In this paper, according to the model established in Ref. [89], the NSGA-II is applied to perform MOO for a single resonance energy selective electron refrigerator with heat leakage. Four objective functions are introduced, including cooling load, coefficient of performance, figure of merit, and ecological function. The $E^{\prime }$ and $\Delta E$ are regarded as optimization variables, their optimal intervals are obtained, and their effects on four objective functions are analyzed when the MOO is performed for $\overline{ECO}-\overline{R}-\epsilon -\overline{\chi }$. The results show that:

• The $D$s obtained with LINMAP and TOPSIS approaches are 0.0812 for the MOO of $\overline{ECO}-\overline{R}-\epsilon -\overline{\chi }$, which are more reasonable than those obtained with the SE approach; at this time, the values of $E^{\prime }/k_B$ and $\Delta E/k_B$ are 12.5958 and 1.8267, respectively. Comparing with the $D$s (0.1085, 0.8455, 0.1865, and 0.1780) for the four single-objective optimizations with maximum $\overline{ECO}$, $\overline{R}$, $\epsilon$, and $\overline{\chi }$, the $D$s of the MOO are smaller. Therefore, compared with single-objective optimization, MOO can better take different optimization objectives into account by choosing appropriate decision-making methods.
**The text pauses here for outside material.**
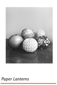 Different variations of folded and cutted lanterns made with gold, silver and white paper. Roles: Concept, design and production.
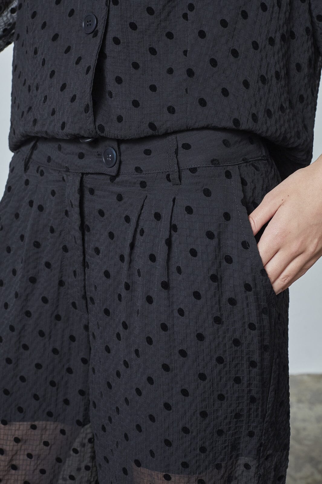 er et par bukser med en løs passform med et transparent, prikket lag som gir et unikt og elegant uttrykk. Modellen har størrelse S.

• When MOO is performed on $\overline{ECO}-\overline{R}$, the $D$ is the 0.0809 obtained with the TOPSIS approach, which is the closest point to the positive ideal point and the most reasonable solution; and the corresponding values of the $E^{\prime }/k_B$ and $\Delta E/k_B$ are 12.5887 and 1.8050, respectively. When MOO is performed on other optimization objective combinations, the better solutions are obtained by choosing the appropriate decision-making approaches according to the design requirements.
• For the MOO of $\overline{ECO}-\overline{R}-\epsilon -\overline{\chi }$, the value of ${(E^{\prime }/k_B)}_{opt}$ ranges mainly from 12 to 13; as ${(E^{\prime }/k_B)}_{opt}$ grows, $\overline{R}$ continues to decline, $\epsilon$ continues to grow, $\overline{ECO}$ and $\overline{\chi }$ grow first and then decline. The value of ${(\Delta E/k_B)}_{opt}$ ranges mainly from 1.5 to 2.5; as ${(\Delta E/k_B)}_{opt}$ grows, $\overline{R}$ continues to grow, $\epsilon$ continues to decline, $\overline{ECO}$ and $\overline{\chi }$ grow first and then decline. It indicates that the values of $E^{\prime }$ and $\Delta E$ are closely related to values of the four optimization objectives ($\overline{ECO}$, $\overline{R}$, $\epsilon$, and $\overline{\chi }$), and the selection of the parameters of the energy filter is very important to improve the performance of energy selective electron refrigerators.
• For the MOO of $\overline{ECO}-\overline{R}-\epsilon -\overline{\chi }$ and $\overline{ECO}-\overline{R}$, the average distances range mainly from 0 to 0.5 and change slightly; the average spreads range mainly from 0 to 0.2, vary significantly before the 100th generations, and then remain stable.
• NSGA-II and FTT theory are effective tools to guide the designs of energy selective electron refrigerators.